You can also create two objects that are security principals at nearly the same time with different distinguishedName but the same sAMAccountName. Either the RDN is different, or if the RDN is the same the objects are in a different parent OU or container. In this case, the conflict is not recognized when the objects replicate. Instead, the Security Accounts Manager (SAM) service checks periodically for duplicate sAMAccountName values. In my tests, it took over 30 minutes for the conflict to be recognized, considerably longer than normal replication. When the process detects duplicate sAMAccountName values, one of the values is changed to the string "$DUPLICATE-xxx", where xxx is the RID of the object in hexadecimal. Again, one of these objects should be deleted. Interestingly, the process that detects duplicate sAMAccountName values does not find situations where the RDN has beem mangled to make the distinguishedName values unique, even though the sAMAccountName may be the same in the two objects.
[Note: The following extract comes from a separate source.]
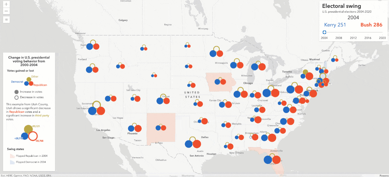 In the weeks leading up to the 2020 U.S. presidential election, I introduced a map style that visualizes electoral swing using data-driven multi-part symbols in the ArcGIS API for JavaScript (JS API). I recently updated the app to use data from the 2020 election. I also added a slider, allowing you to explore all presidential elections from 2004-2020. Click the image below to open the app and explore the data.

When the object with the duplicate sAMAccountName is detected, an event is logged in the system event log with Event ID 12304. The details describe the object whose sAMAccountName was modified, but there is no information about the original value of sAMAccountName, or the conflicting object. You can find all objects whose sAMAccountName has been mangled because it was a duplicate with the LDAP syntax filter "(sAMAccountName=$DUPLICATE*)". For example:

dsquery * -filter "(sAMAccountName=$duplicate*)" -attr distinguishedName whenCreated

If you don't already know the original sAMAccountName, and the conflicting object, you must search for all objects created within a few minutes of the mangled object. You can use the whenCreated attribute value of the mangled object for this search. If more than one such object is found, you may be able to tell which sAMAccountName was the duplicate from your organization's naming policy. For example, if the first query for objects with mangled sAMAccountName values reveals an object created on January 18, 2013 15:34:21, then the following query should find the duplicate and reveal the original sAMAccountName:

dsquery * -filter "(&(whenCreated>=20130118152400.0Z)(whenCreated<=20130118154400.0Z))" -attr distinguishedName sAMAccountName

The query looks for all objects created within 10 minutes of the mangled object.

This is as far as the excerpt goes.